The ribs turned out even better than I expected.  I normally don't like to veer away from my standard short rib recipe because it is so good, but this was definitely worth it!   So if you missed the boat on curing your own corned beef {or maybe you just don't like corned beef} try these short ribs for your St.
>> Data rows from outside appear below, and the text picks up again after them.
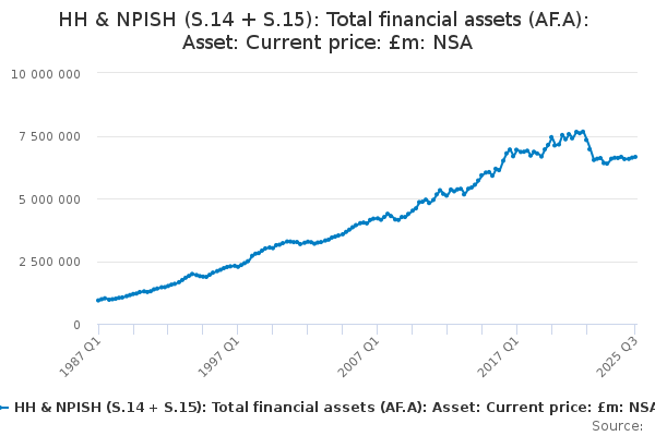 Download this time seriesHH & NPISH (S.14 + S.15): Total financial assets (AF.A): Asset: Current price: £m: NSA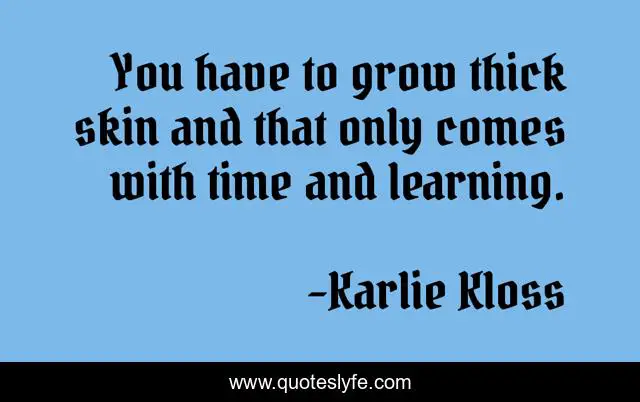 This page presents the quote "You have to grow thick skin and that only comes with time and learning.". Author of this quote is Karlie Kloss. This quote is about grow, time,.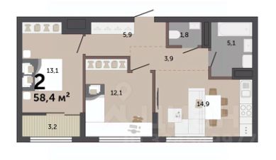 • ✓ В базе Циан 4 2-комнатных квартир на 14 этаже в микрорайоне УНЦ в городе Екатеринбург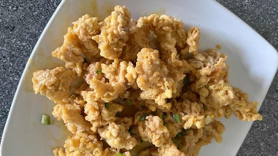 - Na patelni rozgrzej porcję oleju i smaż kawałki mięsa, aż będą złociste i chrupiące.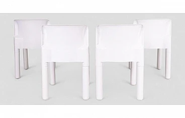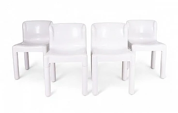 Questo set di quattro sedie bianche "4875", disegnate dal maestro del design Carlo Bartoli e prodotte dalla prestigiosa Kartell negli anni '70, è un perfetto esempio di eleganza e purezza. La scelta del bianco conferisce a queste sedie una qualità quasi scultorea, enfatizzando le linee pulite e la forma arrotondata che caratterizzano il modello.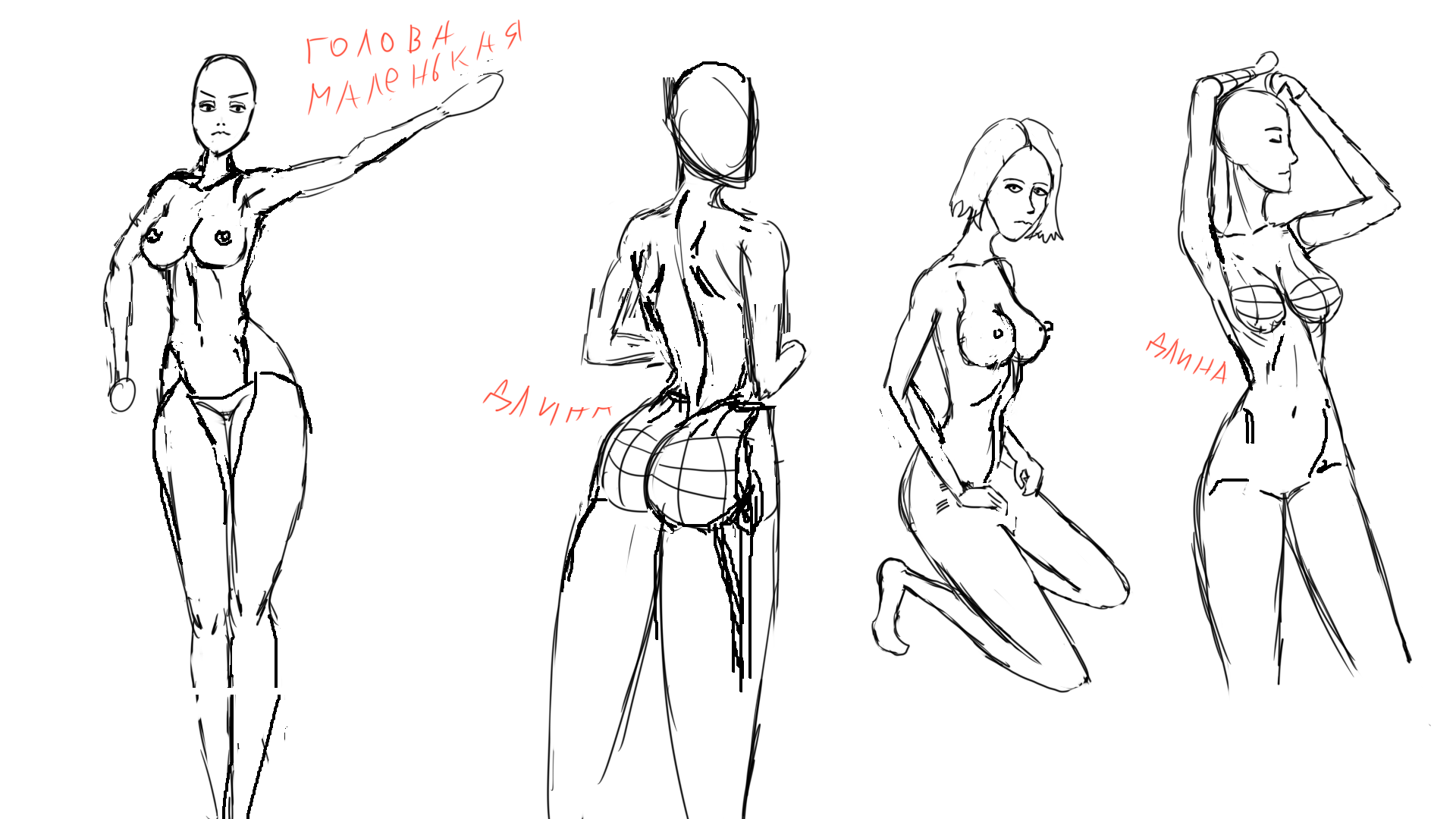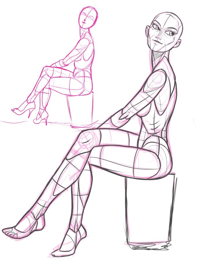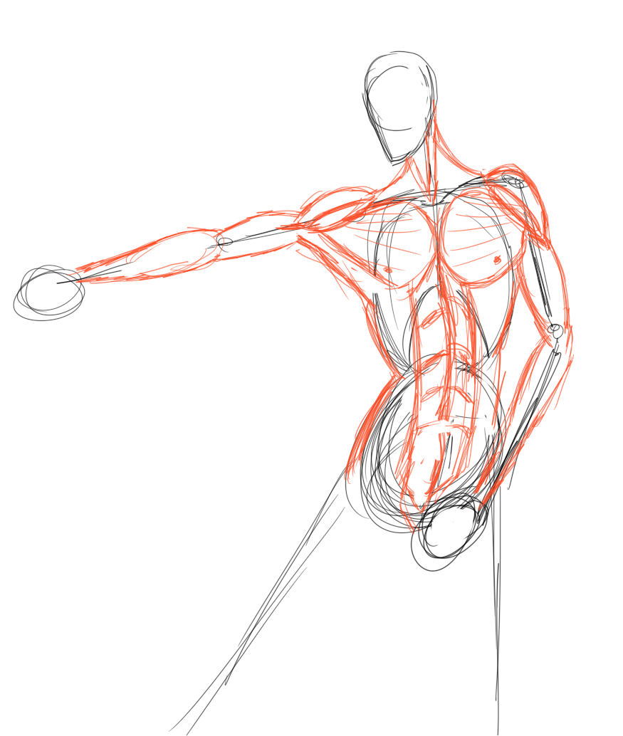> Я так понимаю, каждое из этих действий это отдельное упражнение и имеет место быть, но меня разрывает от этого. А тут целиком все зависит от твоего желания, что именно ты хочешь подтянуть. Я например сперва набрасываю два круга, для обозначения массы грудной клетки и бёдер, а потом от них пляшу. Ты сам себе ставишь правила. Хочешь рисовать динамические позы, тогда добавляй линию движения и строй все вокруг нее. Я предлагаю начать с простого и работать только с изгибами тела, даже если получатся кривые уроды. Тут важно отработать навык вести линии любой кривизны, а не глазомер развивать.

Patty's Day celebration!


3 lbs boneless beef short ribs
sea salt and freshly ground black pepper
2 tablespoons vegetable oil
1 cup chopped yellow onion
1 cup chopped carrots
2/3 cup chopped celery
4 garlic cloves, minced
18 oz Guiness Stout beer
1 tablespoon brown sugar


Sprinkle the short ribs with plenty of salt and pepper on all sides.  In a large skillet {I prefer cast iron}, heat the oil until it just begins to smoke.  Add the short ribs to the oil, allowing them to sear and brown on all sides, about 3-4 minutes per side.  Transfer ribs to the crock pot while you cook the vegetables.


Using the same skillet you seared the short ribs in (do not be tempted to wash out the skillet--you want the juice and browned bits from the meat to help season the vegetables) add the carrots, onions and celery.  Stir occasionally for about 6-7 minutes until onions begin to turn translucent in color.  Add in the minced garlic and stir for another minute.  Transfer the vegetables to your crockpot covering the short ribs.  Slowly pour in the Guiness {or other stout of your choice} until the meat and vegetables are almost completely submerged.  I used about 1 1/2 bottles (18 oz), but depending on the size of your crockpot, you may require more or less.  Turn heat to high and cook for 5 1/2 hours.


Remove short ribs from crockpot and set aside in a warm place--a warming drawer or oven set to Warm setting.  Skim the fat off of the sauce and pour remaining vegetables and sauce into a large saucepan.  Add brown sugar and cook over medium heat for about 15 minutes, until liquid reduces by about half.  Using an immersion blender, puree vegetables to make a thick, creamy sauce.   Add short ribs back into sauce and allow to sit until ready to serve.

Serve short ribs over a mound of mashed potatoes and top with plenty of the delicious stout sauce.  Garnish with something green and enjoy!